The material below holds pictures, which are to be left out; copy exactly the lines from the one with "Women's Striped Knit" through the one with "Next we tried".

* * * *

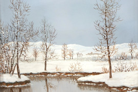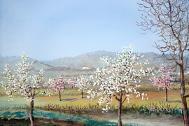 Le stagioni, tre dipinti a tempera su carta, cm 16x20, firmati, entro cornici.
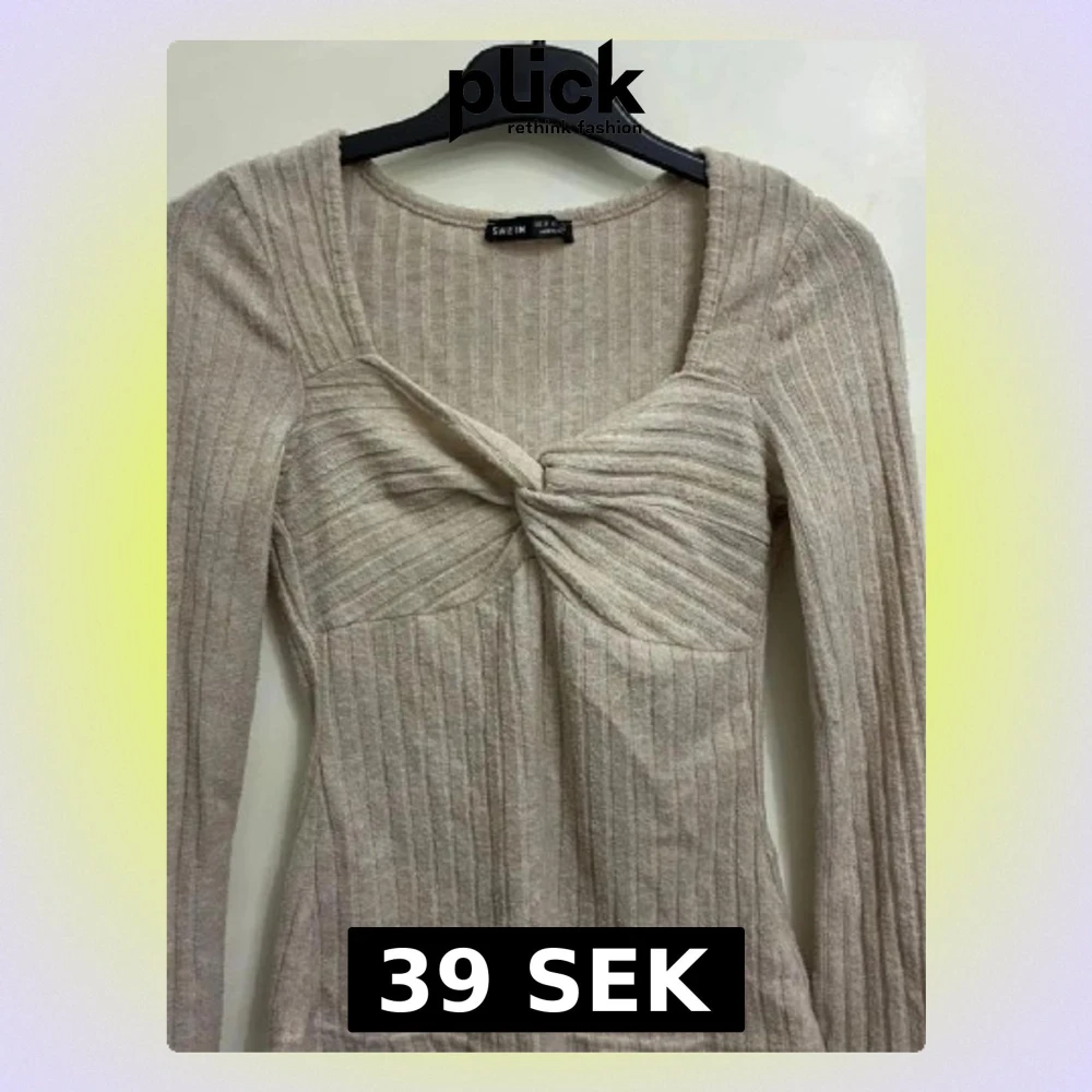 Snygg beige ribbad topp från SHEIN i storlek XS. Toppen har lång ärm, twistad detalj framtill och en fyrkantig ringning. Materialet är mjukt och stretchigt, perfekt för dig som gillar en slim passform. Den neutrala färgen gör den enkel att matcha med allt.
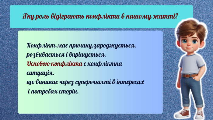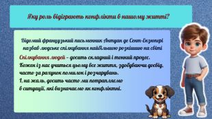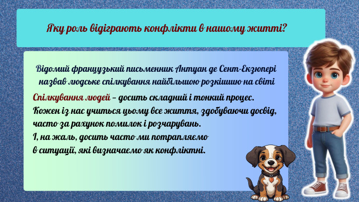 Яку роль відіграють конфлікти в нашому житті?Відомий французький письменник Антуан де Сент-Екзюпері назвав людське спілкування найбільшою розкішшю на світіСпілкування людей — досить складний і тонкий процес. Кожен із нас учиться цьому все життя, здобуваючи досвід, часто за рахунок помилок і розчарувань. І, на жаль, досить часто ми потрапляємо в ситуації, які визначаємо як конфліктні.
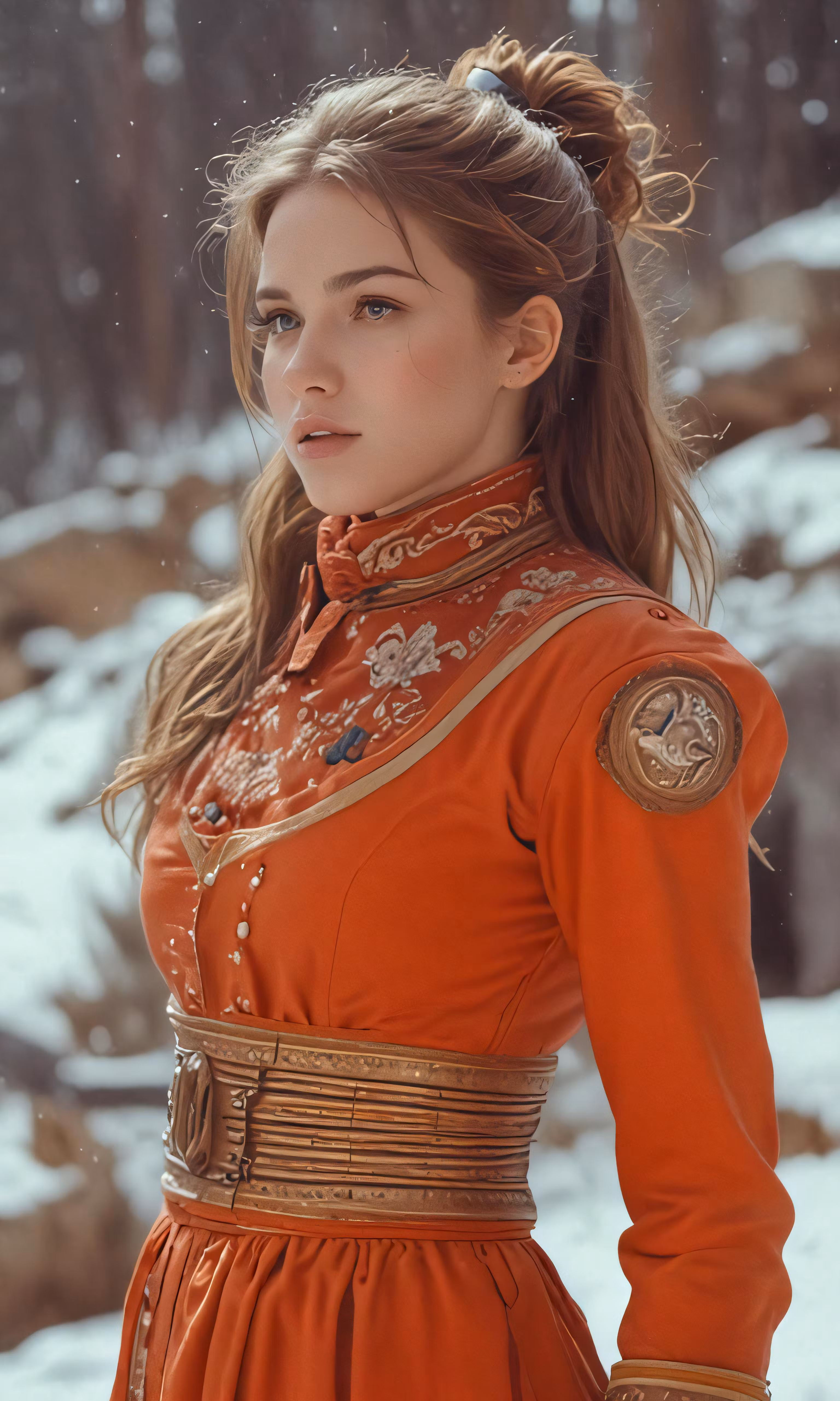 High resolution picture, free to use, a beautiful woman in an orange outfit is wearing red
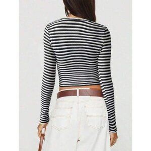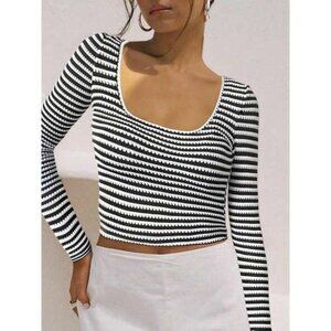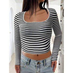 Women's Striped Knit Tops Casual Slim Fit Stylish Square Neck Long Sleeve Crop T
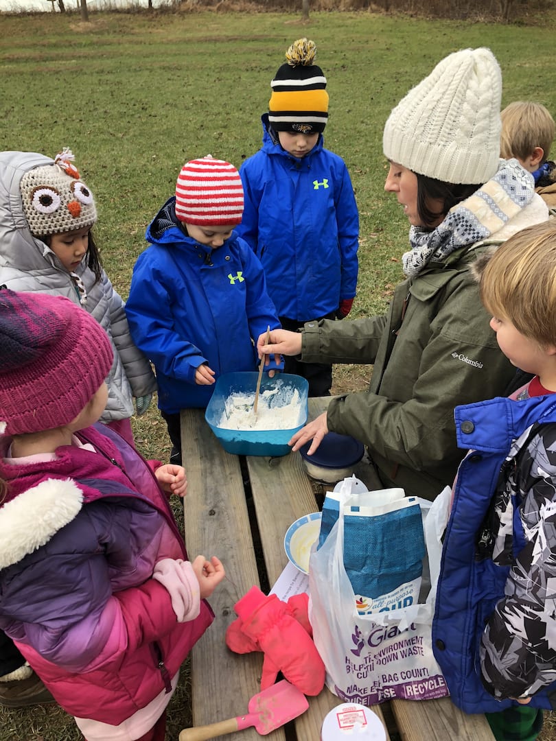 Next we tried making “Bread on a stick” (Bannock) with our Forest Dreamers. The children enjoyed reading the recipe and then mixing all the ingredients. We even got some singing into the process! “‘Dough’ a deer, a female deer, ‘Ray’ (melted butter) a drop of golden sun…” This brings back memories of one of my favorite songs growing up!
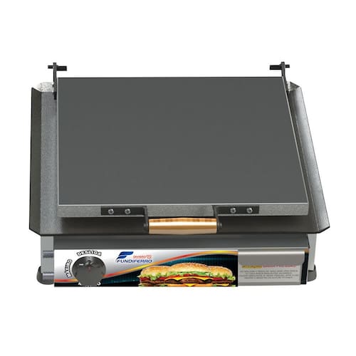 Chapa Sanduicheira com Prensa 4040SNDP ? FundiferroQuer dar um toque especial no preparo de lanches e outras porções em casa? A Chapa Sanduicheira com Prensa 4040SNDP da Fundiferro vai te ajudar, unindo qualidade (material mais espesso do mercado), design, praticidade e economia em um único produto.Utiliza-se a chapa mais espessa para evitar que com o uso a chapa empene. Recomendada para uso doméstico.Conheça a sua Sanduicheira com PrensaMaterial da Área de Fritura: Chapa de Aço 3,18mm (a mais espessa do mercado)Material da Estrutura da Chapa: Inox Brilhante Queimadores: 1 Queimador DuploPés Niveladores: 4Gaveta Coletora de Resíduos: SimAlimentação: Gás GLPPrensa: SimAcompanha Manual de InstruçõesEspecificações TécnicasÁrea de Fritura: 0,18m²Registro de Regulagem de Chama (un): 1Temperatura Máxima da Chapa: 250°CConsumo GLP: 0,3kg/hDimensões ExternasAltura: 15cmLargura: 43cmProfundidade: 42cmPeso: 11kgCuidados e Manutenção da Chapa para LanchesAlguns agentes de limpeza não devem ser utilizados em hipótese alguma: querosene, gasolina, solventes, ácidos, vinagres, produtos químicos ou abrasivos.Utilize sabão neutro e esponja, evite objetos pontiagudos ou palha de aço.AtençãoNão se deve usar regulador de gás de alta pressãoGarantia03 Meses contra defeitos de fabricação
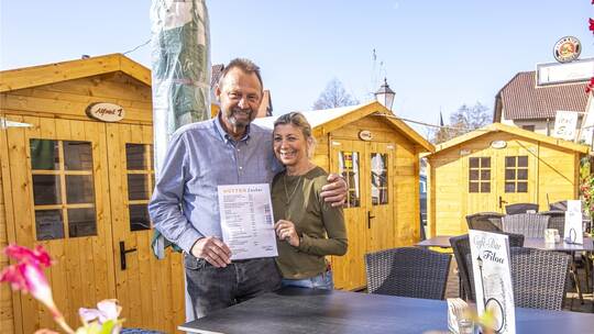 In diesem Jahr soll aber alles anders werden, hoffen die Kaucics. Vom 1. November bis zum 31. Januar 2022 stehen die Holzhütten in der Ortsmitte – dank einer Sondergenehmigung des Gemeinderates. „Die Menschen wollen nach der Biergarten-Saison nicht wieder in die geschlossen Räumlichkeiten hereinkommen“, sagt Lenart Kaucic. Daher habe man sich für die Hüttenlösung entschieden. „Das wird wie ein kleiner Weihnachtsmarkt“, ergänzt Gaby Kaucic. Sechs bis sieben Personen sollen in jeder der Hütten Platz finden, die Reservierung läuft direkt über das „Filou“. Serviert wird im wöchentlichen Wechsel rustikales Essen, wie Gaby Kaucic erklärt.
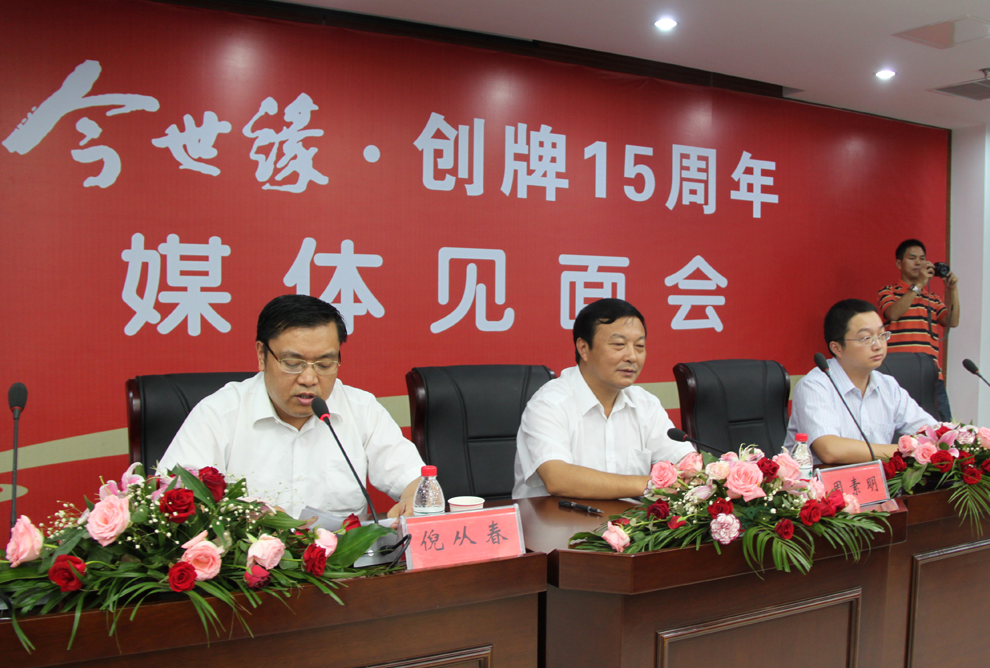在今世缘品牌15岁生日之际,8月20日,今世缘召开媒体见面会,来自中央电视台、凤凰卫视、江苏卫视等电视媒体,《新华日报》以及《淮安日报》等地方党报,《中国酒》、《糖烟酒周刊》、《华夏酒报》、《东方酒业》、《新食品》等行业媒体,新浪、搜狐、网易等网络媒体记者参加了见面会。
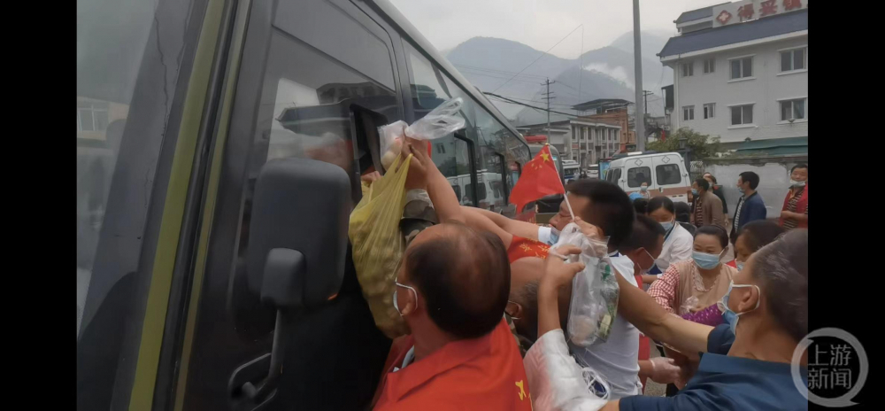 ▲泸定县得妥镇群众热情送东西给归建官兵。图片来源/四川森林消防总队
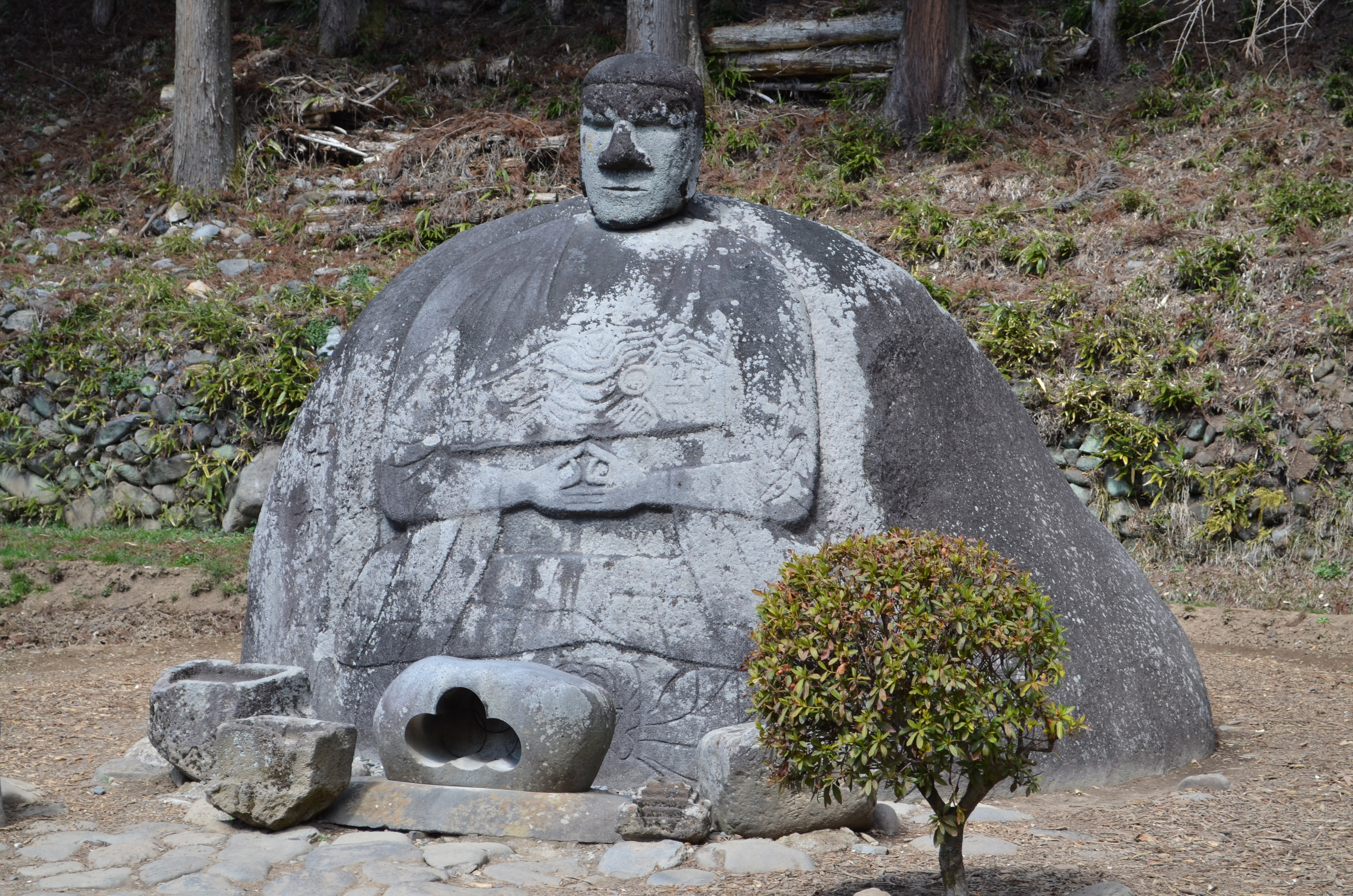 1974年、たまたま諏訪大社の御柱祭を見学に来られこの石仏と対面された画家の岡本太郎さんや作家の新田次郎さん方が感嘆されたことにより、一躍話題を呼び講演又は雑誌等で全国に紹介され知られることになりました。石仏の「万治」は、この石仏を建立した願主が万治3年(西暦1660年)と刻まれているところによるものです。
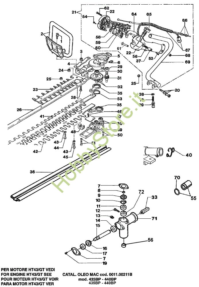In caso di ordine di ricambi per il tuo prodotto GT / HT43 Accessorio tagliasiepi della Oleo-Mac, per permettere al nostro staff di spedirti i ricambi corretti, inserire, nella pagina finale del carrello nel campo Note varie, anno della macchina e, se disponibile, il suo numero di matricola.
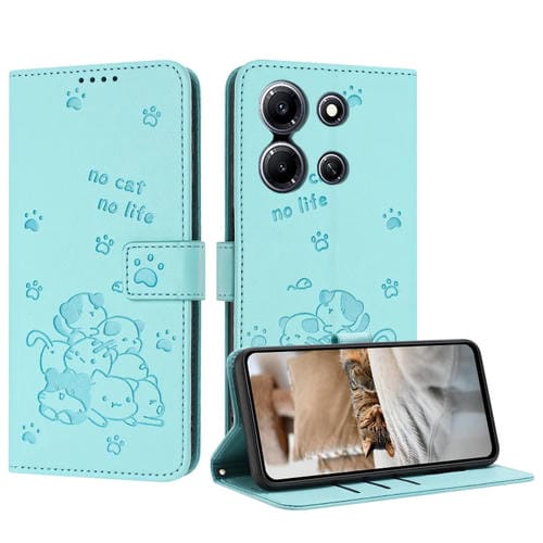 Funda de Cuero Infinix Note 30I con Diseño de Gatito en Relieve y Cordón (Verde Menta)
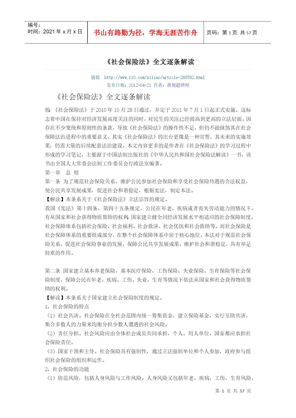 编号:时间:2021年x月x日书山有路勤为径,学海无涯苦作舟页码:第PAGE57页共NUMPAGES57页第PAGE\*MERGEFORMAT57页共NUMPAGES\*MERGEFORMAT57页《社会保险法》全文逐条解读链接http://www.110.com/ziliao/article-288582.html发布日期:2012-04-21作者:HYPERLINK"http://lawyer.110.com/1165435/"\t"_blank"蒋艳超律师《社会保险法》

* * * *

> Expected answer
 Women's Striped Knit Tops Casual Slim Fit Stylish Square Neck Long Sleeve Crop T
 Next we tried making “Bread on a stick” (Bannock) with our Forest Dreamers. The children enjoyed reading the recipe and then mixing all the ingredients. We even got some singing into the process! “‘Dough’ a deer, a female deer, ‘Ray’ (melted butter) a drop of golden sun…” This brings back memories of one of my favorite songs growing up!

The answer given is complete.